I think part of why I've been stressed is because I no longer go home when I have breaks at school. I enjoy breaks at school because it gives me the potential to work on homework (although that hasn't happened to the extent I would like yet) and it's nice to see people I don't have class with. But on the other hand, I think there is something really restful about being at home. Even if your working, it's more restful. So I think that's really been wearing on me. Tuesday I left home at 8 and got back at 1 in the morning. The other days have been pretty similar.
Next week is looking even busier. I have 3 tests next week. And we are doing the IV Proxe Station. I'm really excited for the proxe, it just came at a bad time. On the plus side, Wednesday and Thursday afternoon classes are canceled since my professor is going to a beer festival. I am excited for that!
But I need to start focusing on how I am going to handle stress and busy weeks like these. To start with, I need to use my time more wisely. To be more productive at school, and multitask when I am working on simpler things. And I need to sleep. I should probably also make time to take bathes with a glass of wine, that would be helpful. And I need to actually talk about it.
When I am emotionally and relationally drained, it is really hard to me to be nice and energetic and happy around the people I am most comfortable around and care for me the most. It just creates problems where there shouldn't be which creates more stress. So I really need to attempt to change in that way. Not easy.

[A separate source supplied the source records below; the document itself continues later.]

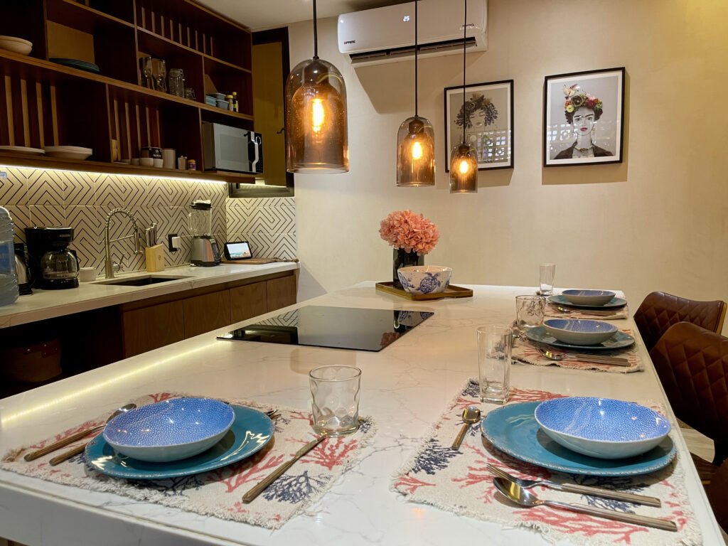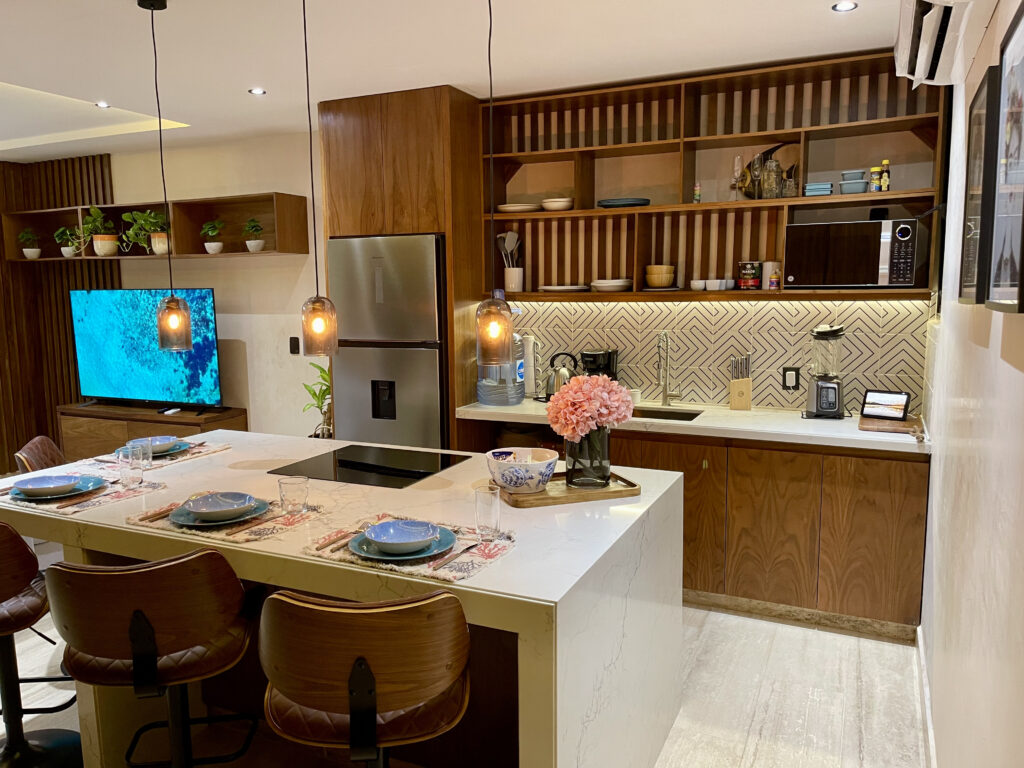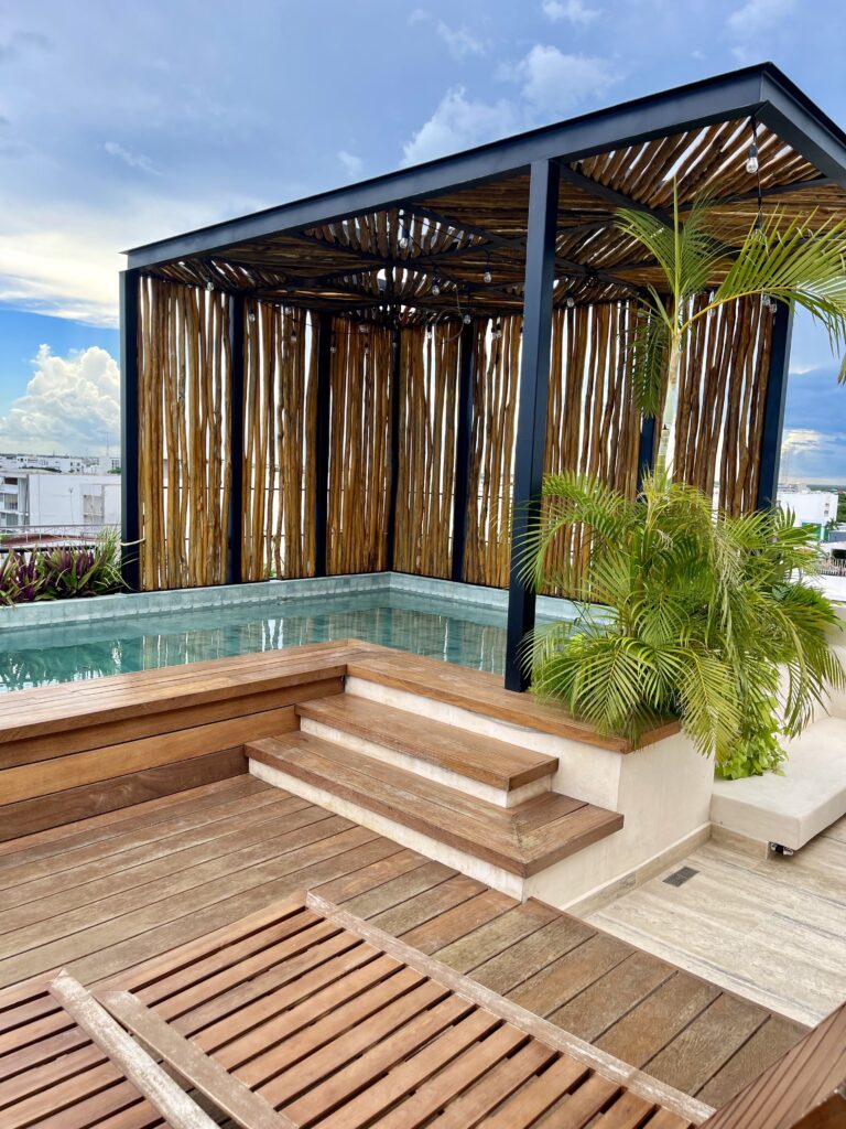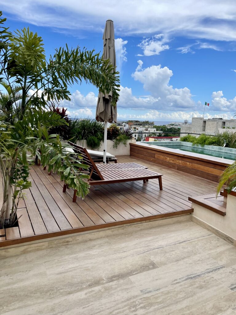 Additionally, you’ll have access to the common areas and amenities of the Jatsa Ha building, including a rooftop pool, jacuzzi, BBQ area, and outdoor relaxation spaces.
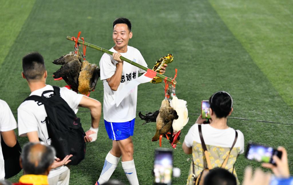 7月29日,忠诚村足球队球员董永恒展示“村超”最佳射手奖品——榕江小香鸡。新华社记者 杨文斌 摄
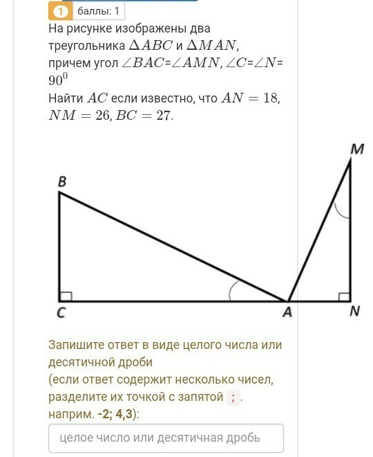 Треугольники ABC и AMN подобные, т.к. углы равны.
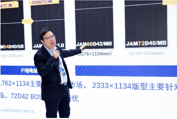 為幫助參展觀眾深入了解晶澳科技產品,晶澳科技專家在展會現(xiàn)場圍繞最新光伏組件產品、五大戶用創(chuàng)新方案產品、儲能設備及光儲一體化解決方案產品、零碳綜合解決方案產品和工商業(yè)一體化解決方案產品等方面分享了技術報告。
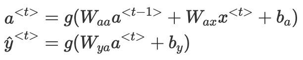 다음으로 a<1>을 구하기 위해선 [ Waa<0> + Wax<1> + ba ] 에 activation function을 적용해 구한다.
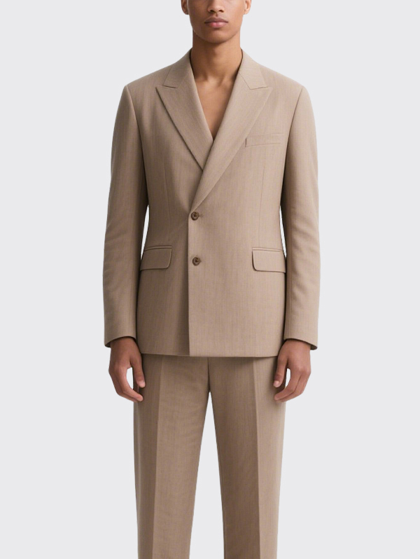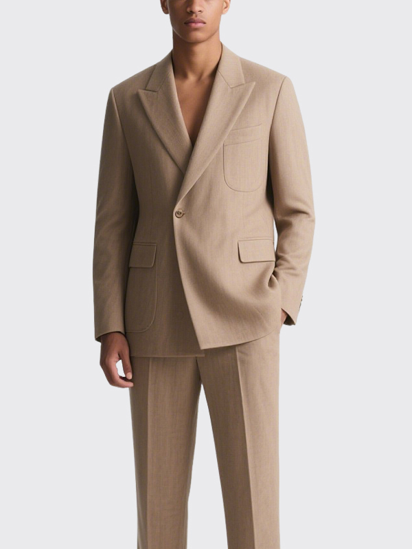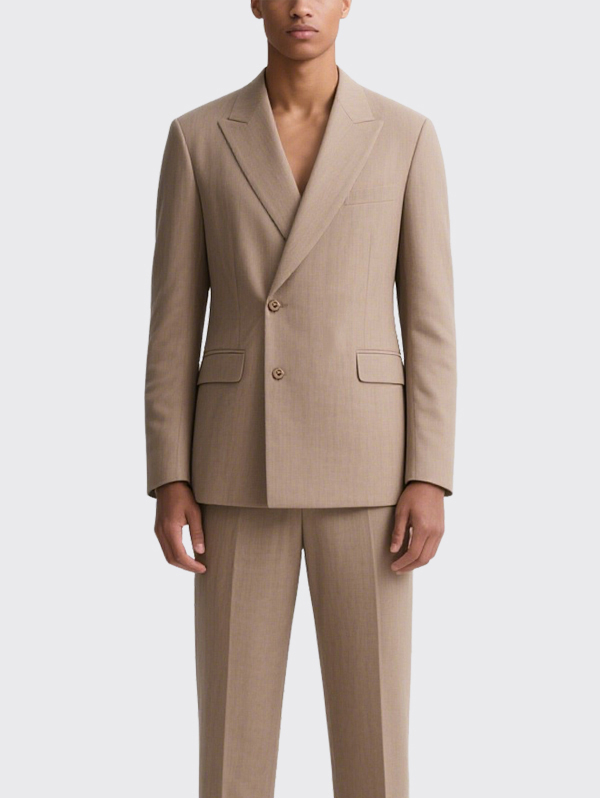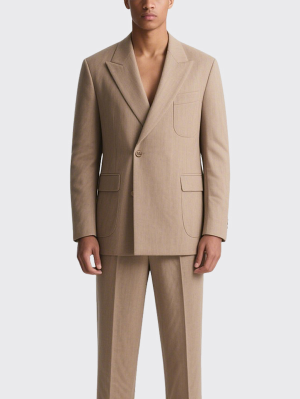 Beige Double Breasted Men’s Suit Jacket with Flap Pockets
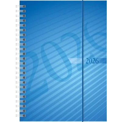 Sheet size: 148 x 208 mm 2 pages = 1 week, 160 pages, print colour calendar: grey/red, 80 g/m², wire-o binding PP cover, colour: blue, year overview current year and following year, 6 pages monthly plan current year, 6 pages following year, holiday dates Germany, 1 page notes lined, 16 pages blank, 11 pages worth knowing, 8 pages addresses Elasticated closure Half-hourly division from 7-20 o'clock, not Sat. and so on.
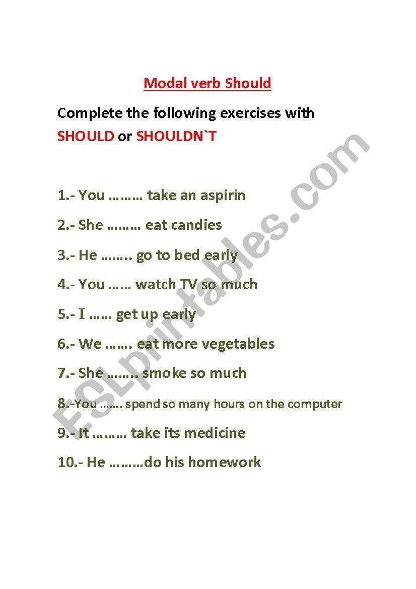 One common type of exercise found in modal verb worksheets is asking students to complete sentences with the correct modal verb. For example, students may be given a sentence like, “You _____ bring an umbrella in case it rains.” They would then need to choose the appropriate modal verb, in this case, ‘should,’ to complete the sentence correctly.
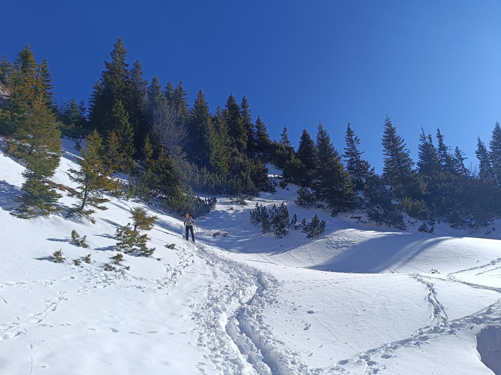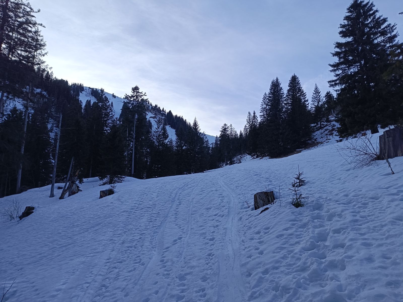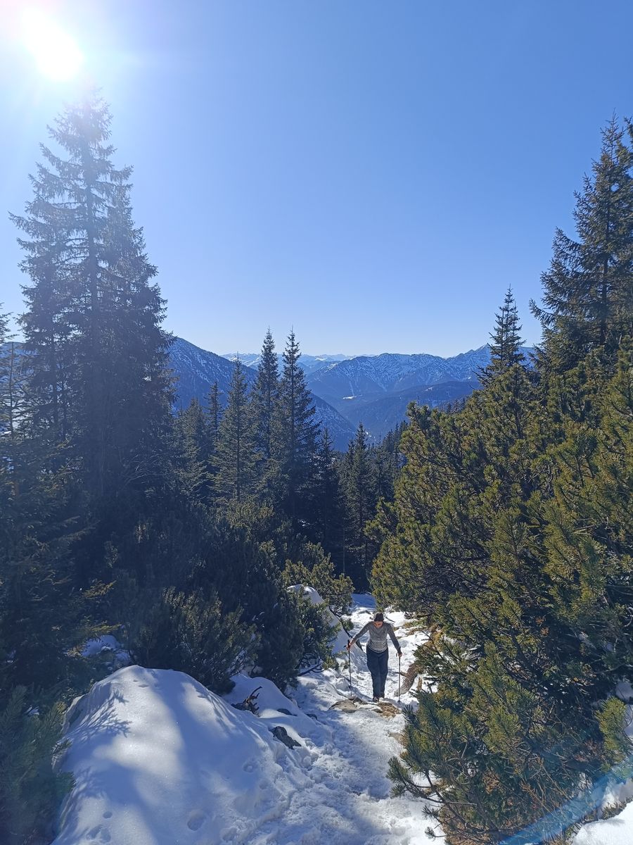 Zunächst bin ich auf der Normalroute zum Kreuzjöchl. Das schöne Waldstück ging heute auf der Route des Sommerwegs noch gut mit Skiern im Aufstieg, bald wird es aber besser sein, länger auf der Forststraße zu bleiben. Für die Talabfahrt sollte man aber auf jeden Fall die Seebless-Route nehmen, weil's im Wald ja nicht gescheit auffirnt.

I would also like to start running again. It would be really beneficial for me to get outside and be more active and I think it would really help me clear my mind. But there's that whole lack of time thing to deal with...
I feel like I'm just ranting about how crazy life is, but that is all that I can think of right now. Right now my to-do list is running through my mind, full of things I need get started on. So, I should probably go. But I would like to start blogging more consistently. No promises though.